Date of Graduation

Spring 5-22-2022

Document Type

Thesis

Degree Name

Master of Arts in International Studies (MAIS)

College/School

College of Arts and Sciences

Department/Program

International Studies

First Advisor

Quynh N Pham

Second Advisor

Sam Mickey

Third Advisor

N/A

Abstract

Analyzing the Black Panther Party and its activities, this study develops a framework for evaluating revolution through a process-oriented examination of discourse and practices surrounding the Free Breakfast Program’s emergence and operation from around 1968 to 1975. The program began in Oakland and quickly spread to over 36 cities in less than two years. Using a swath of interviews, radio shows, movies, newspapers, magazines, documents, pictures and other forms of media from the time period, I analyze the Breakfast Program to explicate the political terrain of food provision, the unique community-based approach to non-hierarchical resource distribution, and the production of a revolutionary educational paradigm.

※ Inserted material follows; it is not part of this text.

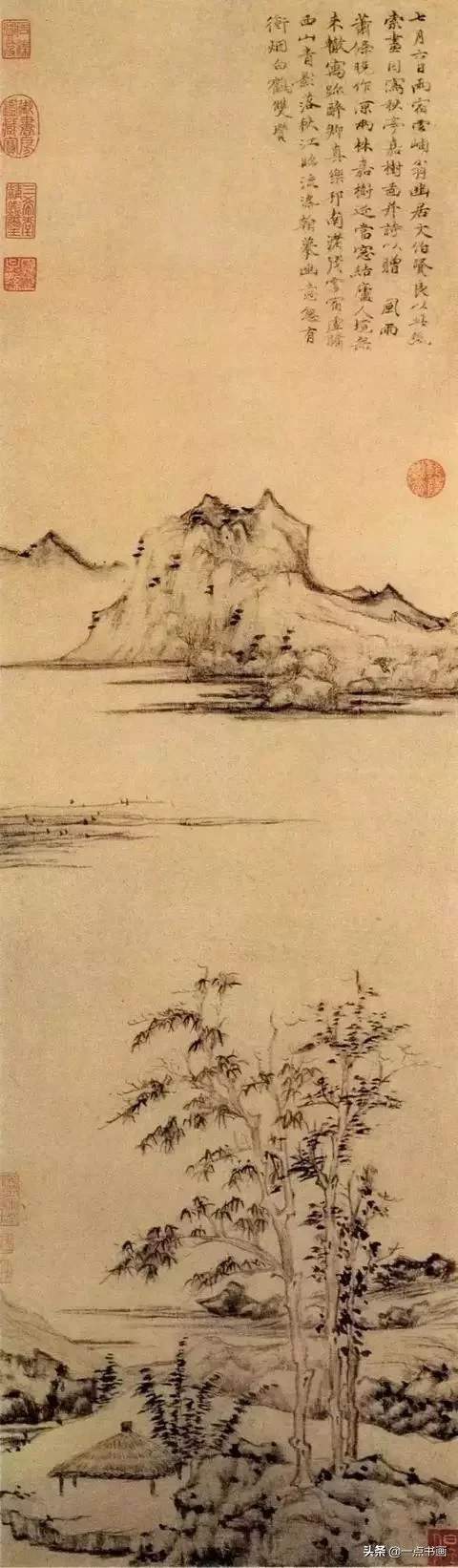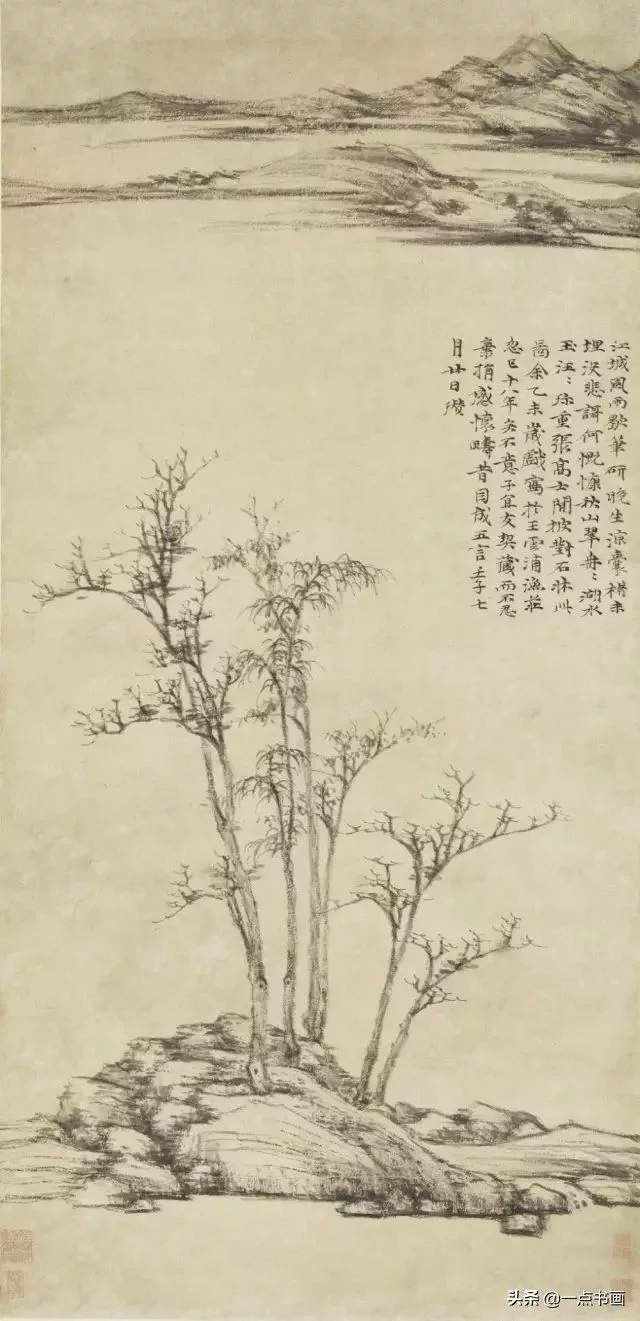在倪瓒的作品中,树的形象并非所常见的苍郁茂盛的大树,应该说是枯树,寥寥几笔,简单明了,树的挺拔与萧疏全在笔下,最精彩的当属《渔庄秋霁图》中的树木了,侧笔皱擦的树高高的挺立,树干上面的树枝每一个都像鹿角一样劲挺有力,树叶稀少,三笔两笔穿插其中,正是这种简约的造型使形象更加突出,使画面呈现出一派萧疏淡泊的意境,后人誉此画为“不食人间烟火”, 正好说明了倪瓒的山水画已经达到了心画合一、物我俱化的艺术境界。

The analysis finds that food distribution and access forms a tool for communal survival, as opposed to a mechanism of oppression within a complex network of political relationships. It also interprets the organizational practices of the Breakfast Program to develop a new socialistic perspective on community programs, characterized by “power to the people,” reciprocal obligations, a proliferation of community-serving horizontal spaces, and the continual return to communal needs and survival. Finally, I find that the operation of the Breakfast Program produces a unique approach to the education of community members about both their circumstances and ability to change them. This investigation also identifies various conflicts and tensions -- such as the teacher/student dynamic, and a controversial politics of inclusion -- which arose within the framework of the Breakfast Program. As a study of the Black Panther Party’s Free Breakfast Program in its specificity, these findings serve not only as an important tool for analyzing a past revolution, but also as a suggestion for the constitution of future alternative social orders.